- Genre: Sketch comedy
- Created by: Omar Sy Fred Testot
- Starring: Omar Sy Fred Testot
- Country of origin: France
- Original language: French
- No. of seasons: 7
- No. of episodes: Over 5,000

Production
- Running time: 2 minutes 15

Original release
- Network: Canal+, Virgin Radio
- Release: 2005 – 2012

= SAV des émissions =

Service après-vente des émissions, also known as SAV des émissions, is a French short comedy television series hosted by the comic duo Omar and Fred (Omar Sy and Fred Testot) from 2005 to 2012 on Canal+. The show was a segment of Le Grand Journal, a news show then-hosted by Michel Denisot. Each episode was rebroadcast the following morning on Virgin Radio.

==The series==
- The SAV des émissions is a receiving calling center. The basic concept is to comment on the news in a succession of short scenes.
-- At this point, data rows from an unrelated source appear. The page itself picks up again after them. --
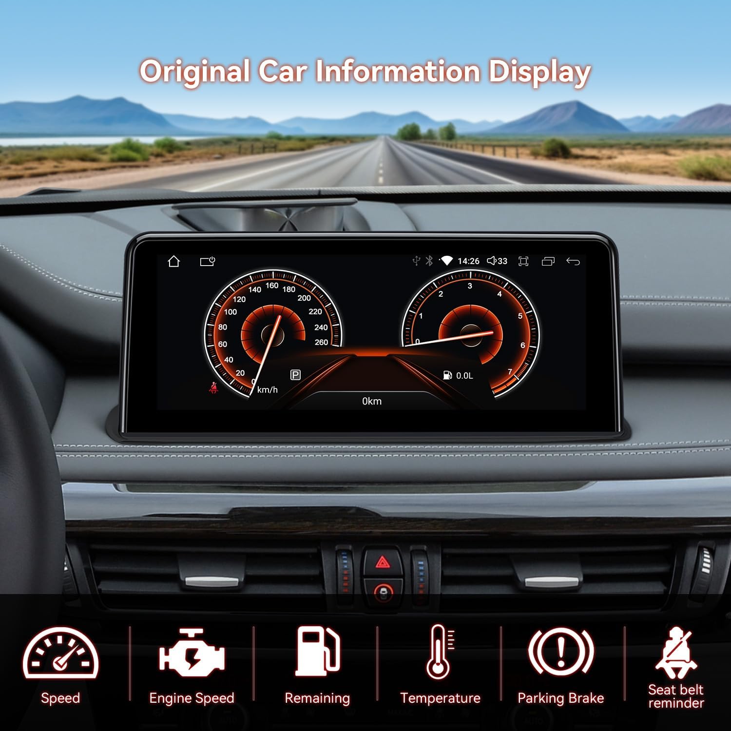 Important Notes Installing this monitor may require cutting a permanent hole in your dashboard. The cutting will not be required if there is a storage box on the top, as uninstalling the storage box will do the job. Applicable Models & Years For BMW X5 F15 (2014-2017) For BMW X6 F16 (2014-2017) Features: ※ IPS Panel, 178°Viewing Angle Enjoy viewing on a big screen stereo without eye fatigue or discomfort from any angle. ※ Supports 1080P Video Supports playing up to 1080P format video with the latest video decoder chipset. ※ Dual Wi-Fi Band Connecting Support both 2.4GHz and 5GHz Wi-Fi networking, with the higher frequency 5GHz being able to move more data around faster. ※ Built-in Wireless CarAutoPlay / Wired Android Auto It compatible with iPhone 5 and newer models with iOs 8 and above, Android phones with Android 4.3 and above. ※ Split-Screen Mode Go ahead listening music in Spotify while navigating, or making phone call with your browser open. ※ GPS Navigation Supports Google Maps, Sygic, Waze and any other navigation software that is compatible with Android OS. ※ Bluetooth 5.0 Connect your smartphone via Bluetooth to use hadsfree calls, number dialing, contact searching, audio streaming safely. Optional Accessories: Need TPMS Function? Please search ASIN: B07WQFKV5G Need Front / Reversing Camera? Please search ASIN: B07HMLYLJJ / B00GY3BVT6 Need External DVR? Please search ASIN: B07MBYCG4C / B08MF1ZRJ3Accessories: 1 × ISO Wiring Harness 1 × USB Cable 1 × 4G Antenna 1 × GPS Antenna 1 × Tweezers 1 x Mini Speaker 1 × Installation Instructions 1 × User Manual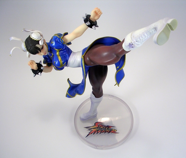 Chun-Li comes on a clear base that opens and allows you to insert one of two graphics if you like. One just has the Street Fighter logo, the other features some of Shunya Yamashita’s art. While the one with the character art is certainly striking, I find it a bit busy and distracting, so I went with the simple logo. The same system of base and insert was used for the Tekken statues and I’ll confess that I wasn’t all that keen on getting it reproduced here. I think it looks OK but whenever I pick up my Christie Montiero statue, the bottom always drops out and the graphic slides out. Thankfully the base on this statue snaps together much better and it isn’t a problem.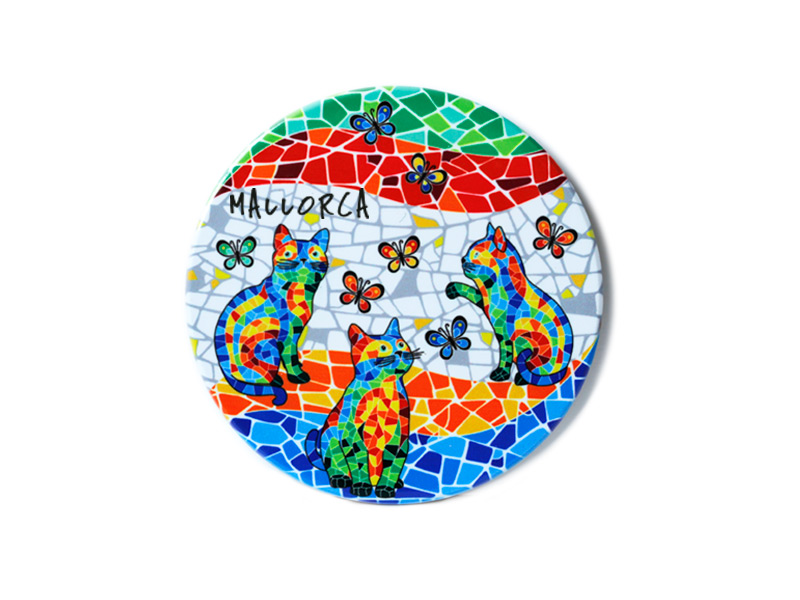 This ceramic coaster, decorated with cheerful cats, is a magnificent representation of Mallorca’s vibrant atmosphere. Designed with mosaic technique, this object is not only functional but also an artistic piece that enhances any space. Its hand-painted design shows three adorable cats in different poses, each with striking colors that capture the joyful and carefree essence of life on this beautiful island. Surrounded by butterflies that add dynamism, the multicolored background perfectly complements the cat figures, creating a unique visual appeal that will attract those looking for genuine and representative souvenirs.
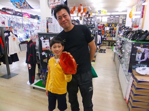 小学2年生にしてはえらくしっかりしたナイスガイな男の子。2年位前になるかなぁ。。。お父さんとキャッチボールをする為にグラブを。そして初めてのグラブにはきちっとした型付けを施したグラブを。。。とご家族でご来店頂いたのが始まり。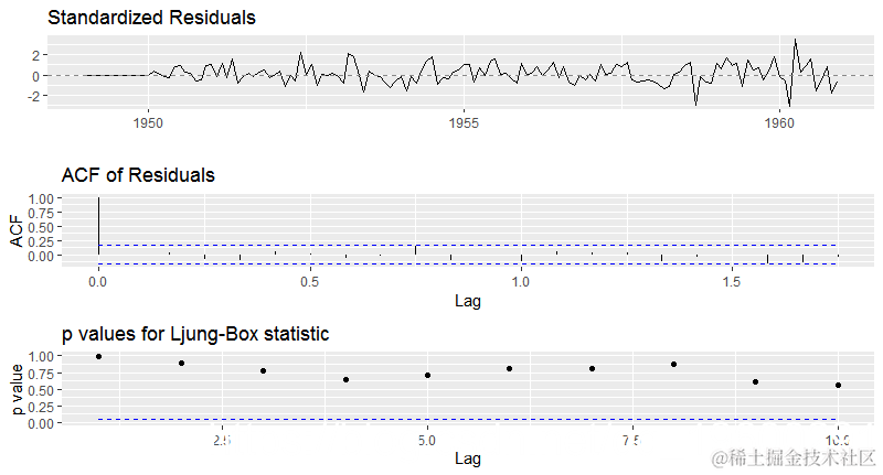 很明显,随着一些季节性变化,数据总体呈上升趋势。然而,可能并不总是能够做出这样的视觉直观推断(我们稍后会看到这样的情况)。因此,更正式地说,我们可以使用以下方法检查平稳性:

Over the years, the series also gained a number of recurring characters, interpreted by either Omar or Fred. Instead of commenting on the news, each of these usually has their own running gag and catchphrases.
- Each gag begins with Omar or Fred picking up the phone and saying "Service après-vente, bonjour !". The other plays a character calling the SAV to ask a question.
- The series often uses surreal humor, either with the costumes or the dialogue.
- At first, the SAV was a segment in 20h10 pétantes, a program hosted by Stéphane Bern from 2005 until 2006. From 2006, the SAV was included daily in Le Grand Journal of Michel Denisot except on football nights.